» Task: Return, word for word, the lines of the listing below from the one with "Pečeno potico vzamemo" through the one with "Par une belle", and no other lines.

» Task data:
▬▬▬▬▬▬

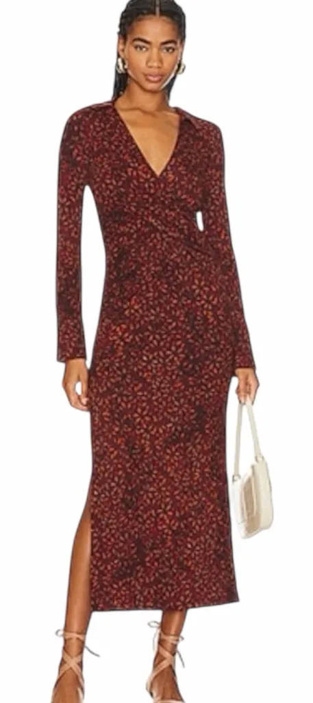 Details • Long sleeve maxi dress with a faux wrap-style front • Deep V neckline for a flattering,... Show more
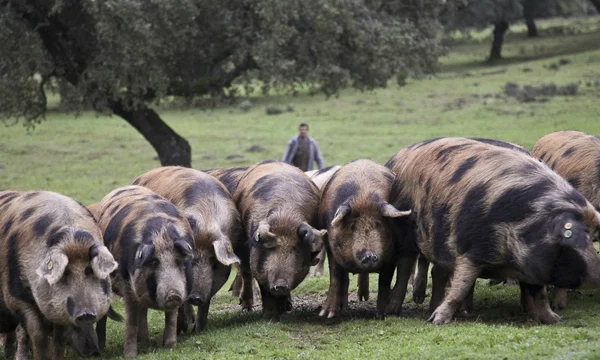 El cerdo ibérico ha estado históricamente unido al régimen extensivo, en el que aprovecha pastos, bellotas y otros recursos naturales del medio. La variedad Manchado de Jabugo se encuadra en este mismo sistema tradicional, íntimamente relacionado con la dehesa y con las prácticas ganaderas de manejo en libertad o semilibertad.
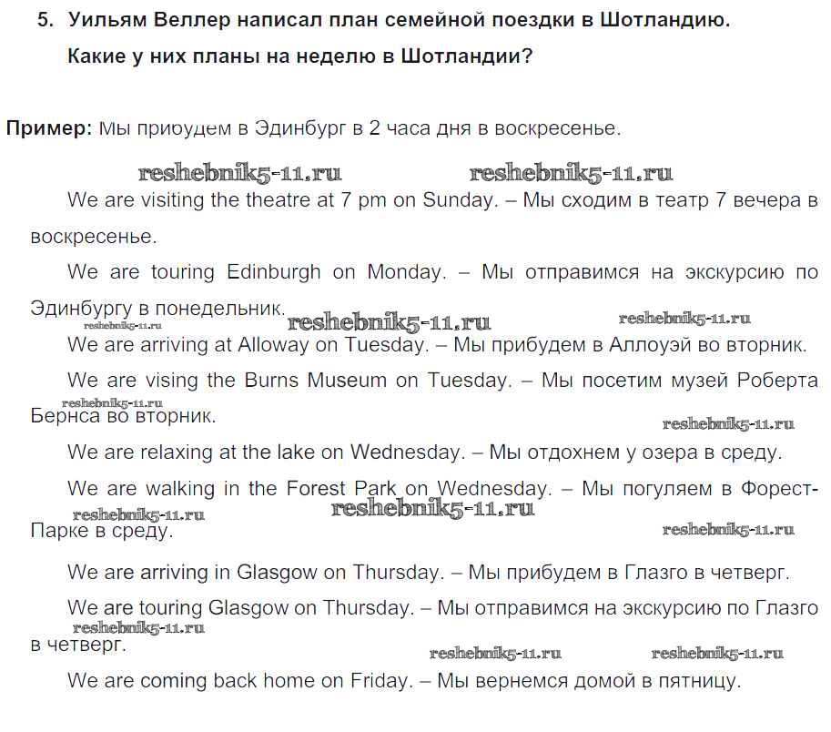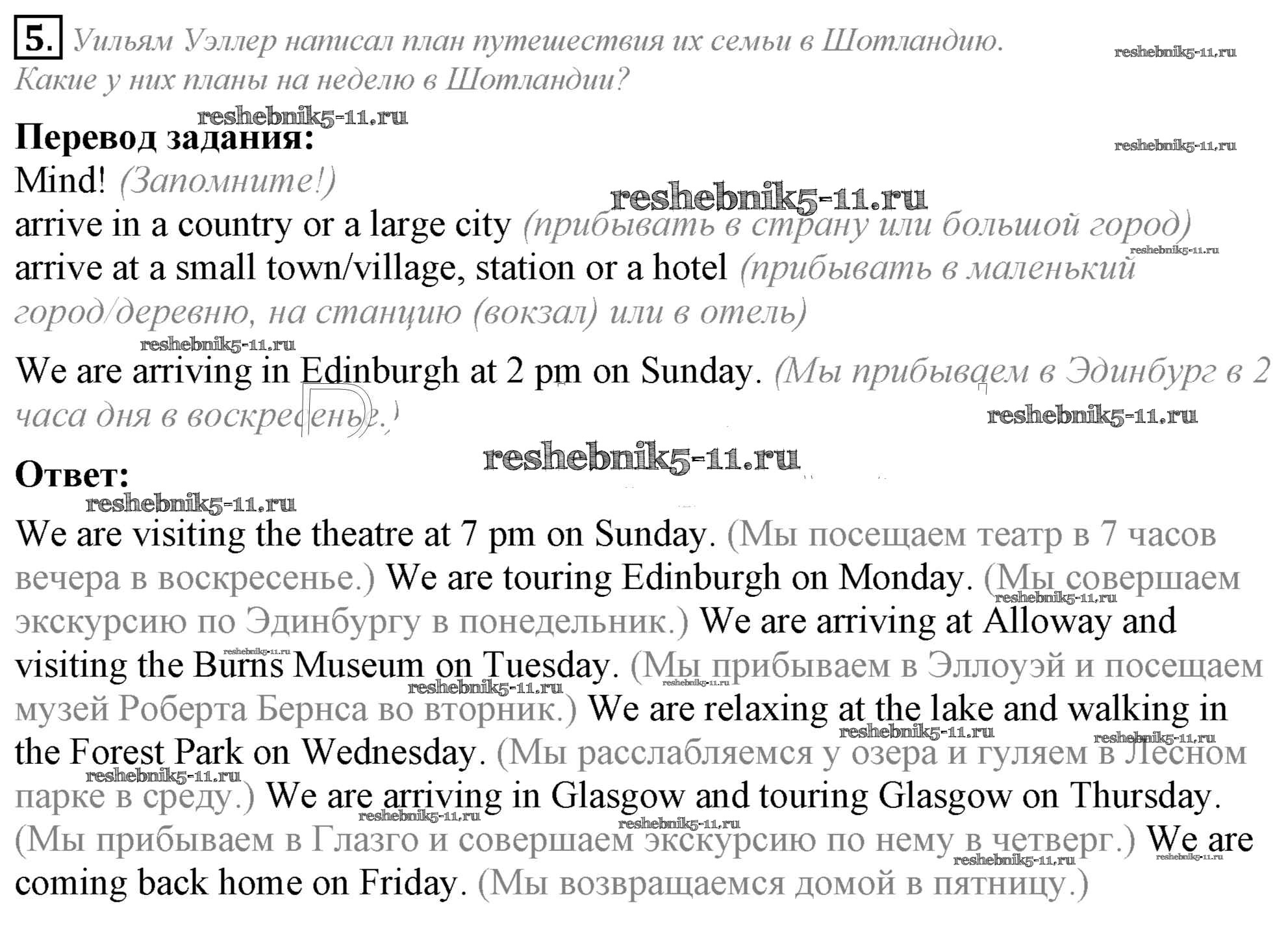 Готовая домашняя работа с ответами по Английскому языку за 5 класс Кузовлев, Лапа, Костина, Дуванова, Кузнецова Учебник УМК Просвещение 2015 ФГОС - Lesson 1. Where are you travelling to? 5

▬▬▬▬▬▬

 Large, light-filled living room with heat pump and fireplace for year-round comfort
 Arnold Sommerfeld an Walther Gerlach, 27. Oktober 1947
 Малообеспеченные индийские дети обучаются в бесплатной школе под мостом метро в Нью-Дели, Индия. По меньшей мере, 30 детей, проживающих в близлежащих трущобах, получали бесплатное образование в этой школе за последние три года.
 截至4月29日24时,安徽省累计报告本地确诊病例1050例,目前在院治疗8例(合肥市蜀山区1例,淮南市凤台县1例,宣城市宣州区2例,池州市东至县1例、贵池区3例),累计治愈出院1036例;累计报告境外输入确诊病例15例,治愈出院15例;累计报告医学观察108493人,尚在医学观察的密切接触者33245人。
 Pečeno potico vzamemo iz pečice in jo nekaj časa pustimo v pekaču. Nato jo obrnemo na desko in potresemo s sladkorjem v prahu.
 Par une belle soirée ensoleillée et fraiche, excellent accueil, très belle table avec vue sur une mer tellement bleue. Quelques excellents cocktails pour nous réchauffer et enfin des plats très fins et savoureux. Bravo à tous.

▬▬▬▬▬▬

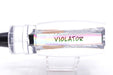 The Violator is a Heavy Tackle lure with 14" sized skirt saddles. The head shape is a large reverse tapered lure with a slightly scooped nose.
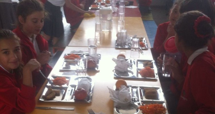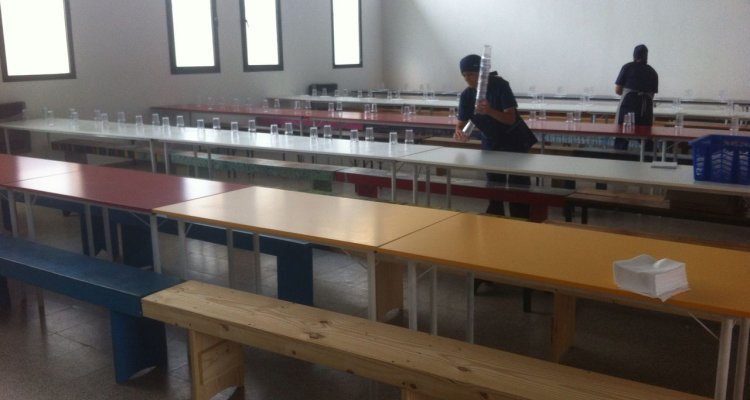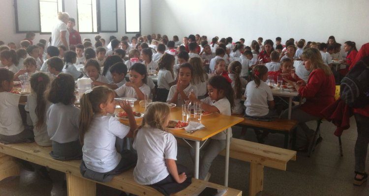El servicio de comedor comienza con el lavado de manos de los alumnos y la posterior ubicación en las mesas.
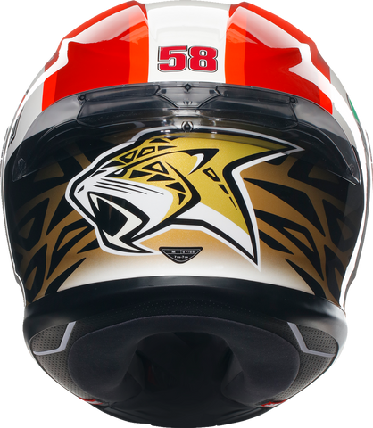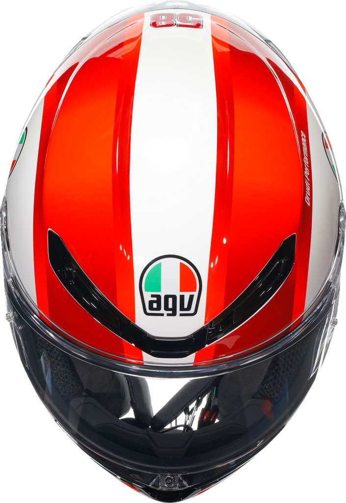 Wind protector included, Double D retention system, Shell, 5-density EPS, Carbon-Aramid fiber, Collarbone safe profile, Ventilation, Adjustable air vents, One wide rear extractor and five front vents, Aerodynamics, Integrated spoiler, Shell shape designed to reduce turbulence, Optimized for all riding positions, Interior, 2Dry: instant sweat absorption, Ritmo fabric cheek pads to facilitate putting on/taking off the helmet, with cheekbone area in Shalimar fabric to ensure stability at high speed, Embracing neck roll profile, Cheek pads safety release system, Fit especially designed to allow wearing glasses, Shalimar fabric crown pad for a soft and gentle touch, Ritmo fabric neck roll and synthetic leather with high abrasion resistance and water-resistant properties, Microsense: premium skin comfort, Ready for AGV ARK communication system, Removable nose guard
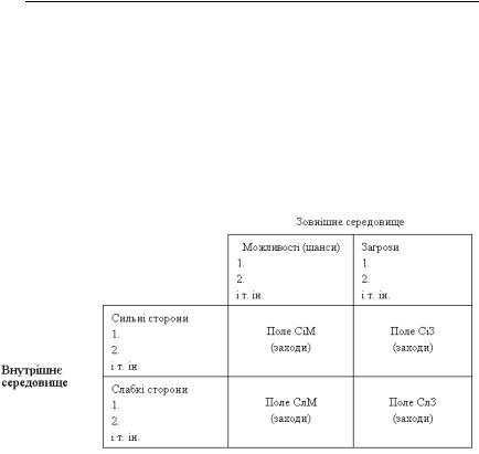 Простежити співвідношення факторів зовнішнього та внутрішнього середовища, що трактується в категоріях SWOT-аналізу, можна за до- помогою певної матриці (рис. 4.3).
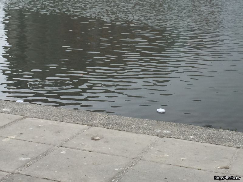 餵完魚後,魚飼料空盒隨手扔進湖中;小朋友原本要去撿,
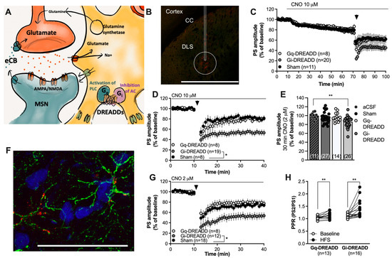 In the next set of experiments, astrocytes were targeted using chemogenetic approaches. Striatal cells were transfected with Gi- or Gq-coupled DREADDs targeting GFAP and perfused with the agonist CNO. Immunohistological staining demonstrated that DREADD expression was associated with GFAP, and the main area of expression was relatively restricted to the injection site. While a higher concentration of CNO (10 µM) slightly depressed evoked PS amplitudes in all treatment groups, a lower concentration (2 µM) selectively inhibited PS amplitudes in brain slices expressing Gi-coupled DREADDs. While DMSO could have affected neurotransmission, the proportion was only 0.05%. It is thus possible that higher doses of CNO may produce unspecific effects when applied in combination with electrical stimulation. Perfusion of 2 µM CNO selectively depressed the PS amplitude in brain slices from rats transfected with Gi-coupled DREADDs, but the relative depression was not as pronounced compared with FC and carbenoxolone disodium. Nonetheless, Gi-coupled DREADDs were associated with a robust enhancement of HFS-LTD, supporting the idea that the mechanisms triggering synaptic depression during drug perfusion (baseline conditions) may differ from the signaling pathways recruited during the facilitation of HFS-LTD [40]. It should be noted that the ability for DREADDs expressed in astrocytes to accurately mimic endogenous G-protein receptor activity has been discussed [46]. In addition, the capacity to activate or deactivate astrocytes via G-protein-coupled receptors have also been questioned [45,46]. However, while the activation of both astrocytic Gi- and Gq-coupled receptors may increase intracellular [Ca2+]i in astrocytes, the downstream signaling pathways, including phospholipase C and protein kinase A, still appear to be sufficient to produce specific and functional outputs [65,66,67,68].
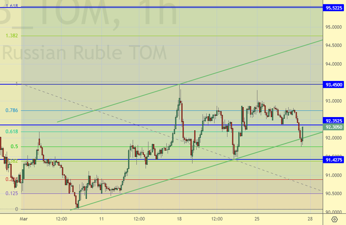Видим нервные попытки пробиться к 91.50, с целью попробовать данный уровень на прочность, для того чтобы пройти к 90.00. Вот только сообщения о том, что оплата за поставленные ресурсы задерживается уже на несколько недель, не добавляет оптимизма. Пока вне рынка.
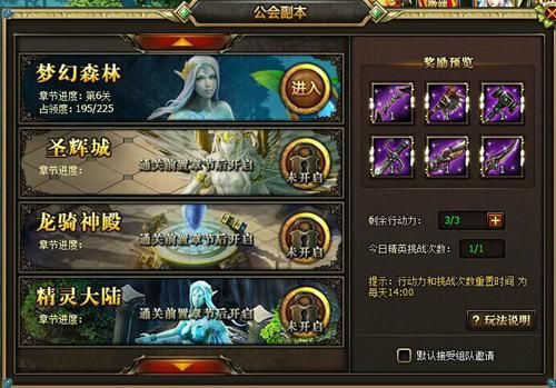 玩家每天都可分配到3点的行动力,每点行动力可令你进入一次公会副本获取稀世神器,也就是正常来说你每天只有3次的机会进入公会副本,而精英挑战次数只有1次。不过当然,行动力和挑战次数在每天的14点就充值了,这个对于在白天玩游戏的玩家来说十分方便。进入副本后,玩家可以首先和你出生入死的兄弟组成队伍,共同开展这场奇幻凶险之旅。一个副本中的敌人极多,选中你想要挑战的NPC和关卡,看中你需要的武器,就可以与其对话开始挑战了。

▬▬▬▬▬▬

» Your solution:
 Pečeno potico vzamemo iz pečice in jo nekaj časa pustimo v pekaču. Nato jo obrnemo na desko in potresemo s sladkorjem v prahu.
 Par une belle soirée ensoleillée et fraiche, excellent accueil, très belle table avec vue sur une mer tellement bleue. Quelques excellents cocktails pour nous réchauffer et enfin des plats très fins et savoureux. Bravo à tous.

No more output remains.